**Motivation**

We would like to move towards a world where there is a clear attempt to try and 
start becoming more predictable with release cycles and what the usage of a 
release is going to be . As part of this ,releases need regression fixes. 
However, if the community is making releases, there is likely to be an 
expectation from users that such releases have reasonable practices in terms of 
backporting fixes to the release branches and other aspects of development. 
Backporting patches to previous release branches always have a risk and thus in 
addition to having a review we need someone to think whether the benefits 
outweigh the risk of additional breakage that our testing would not cover.

**Current Development Processes and it's effects**

In the current processes, there isn't clear separation between bug fixes and 
new features and many a time a pull request will merge both a bug fix and a 
feature request together in the same pull request. This is our defacto working 
practice. Further when the pull request is merged, the history within the pull 
request is entirely lost from the tree as the pull request is squashed when it 
is merged and further there is no requirement on the original developer to 
retain the branch from which the pull request is created.
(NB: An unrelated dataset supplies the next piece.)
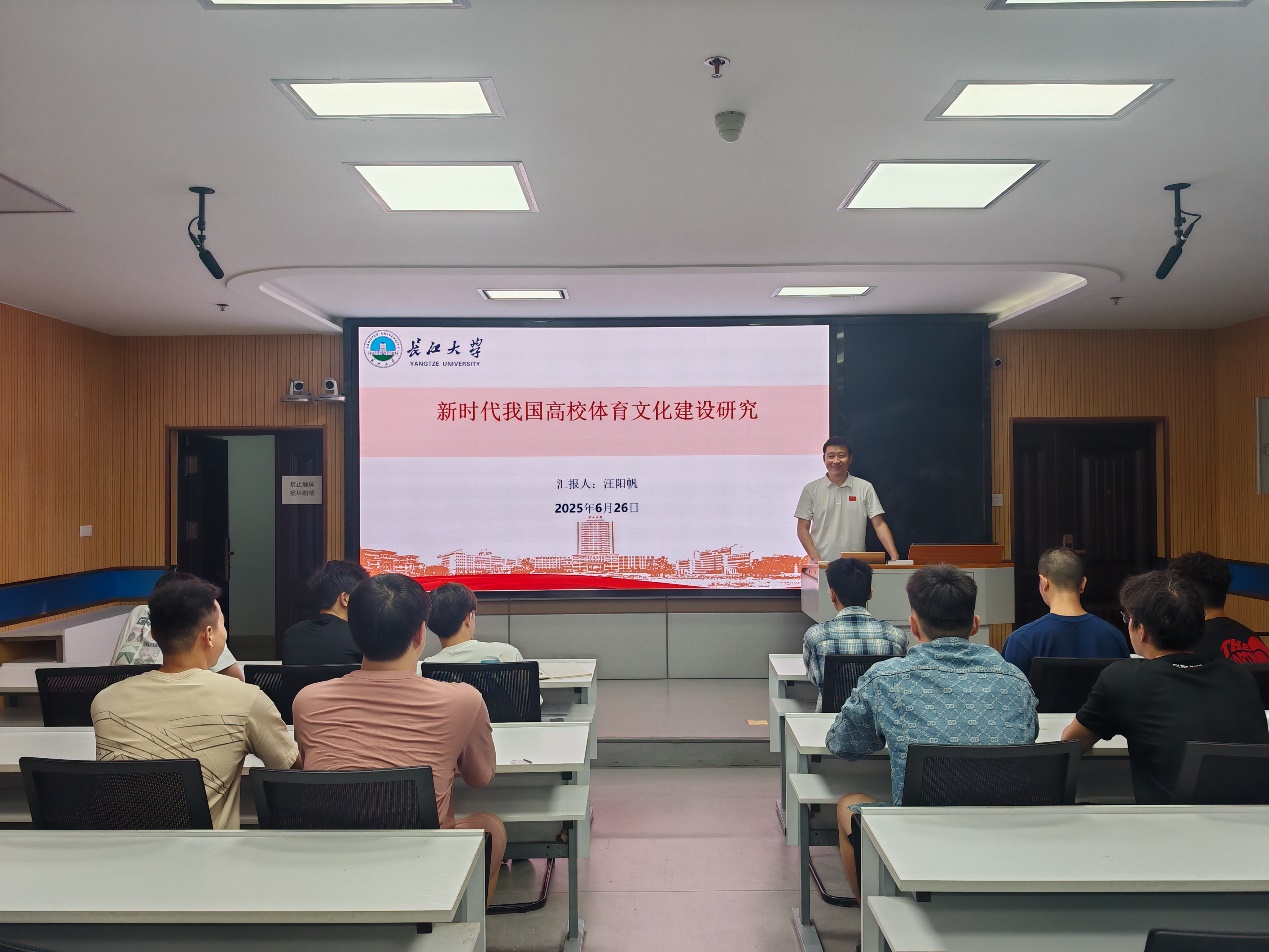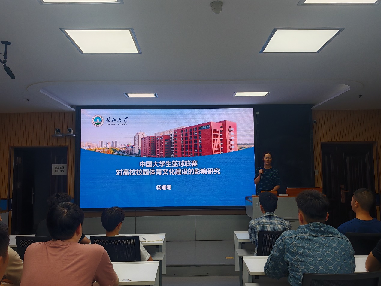 汪阳帆老师以“新时代我国高校体育文化建设研究”为主题展开分享。他首先从新时代高校体育文化的概念、内容、功能等方面开始阐述,并从物资文化、精神文化、制度文化三个方面对目前高校体育文化建设中的现状进行调查分析,梳理出目前高校体育文化建设中存在的问题及原因,最后结合自己长期在校园体育文化建设中的心得,提出相对适应的建设策略。

This makes it 
difficult to track what the change is a finite time after the change was merged 
in.


**Next Steps**

In terms of next steps, I propose the following steps that we can take.

A1. Change our contribution documentation to cover that pull requests need to 
be small, self-contained and not mix bug fixes and new features. 
   A1.1 Make this part of our Pull Request Template.

A2. Tag Bug fixes as [Bugfix] or [RegressionFix] in the Pull Request.  
      A2.1 Identify which Release it was a regression in when an issue is 
found. 
      A2.2 Agree that the fix is small enough to be backported to the release 
branch. 
      A2.3 If you are proposing this as a backport, propose this with a tag 
using [Backport-fix-<branchtobackportto>
      A2.4 The contributor backports and a reviewer after evaluating the risk 
of the backport approves it explicitly.
     A2.5 Document this in the Issue Template in github.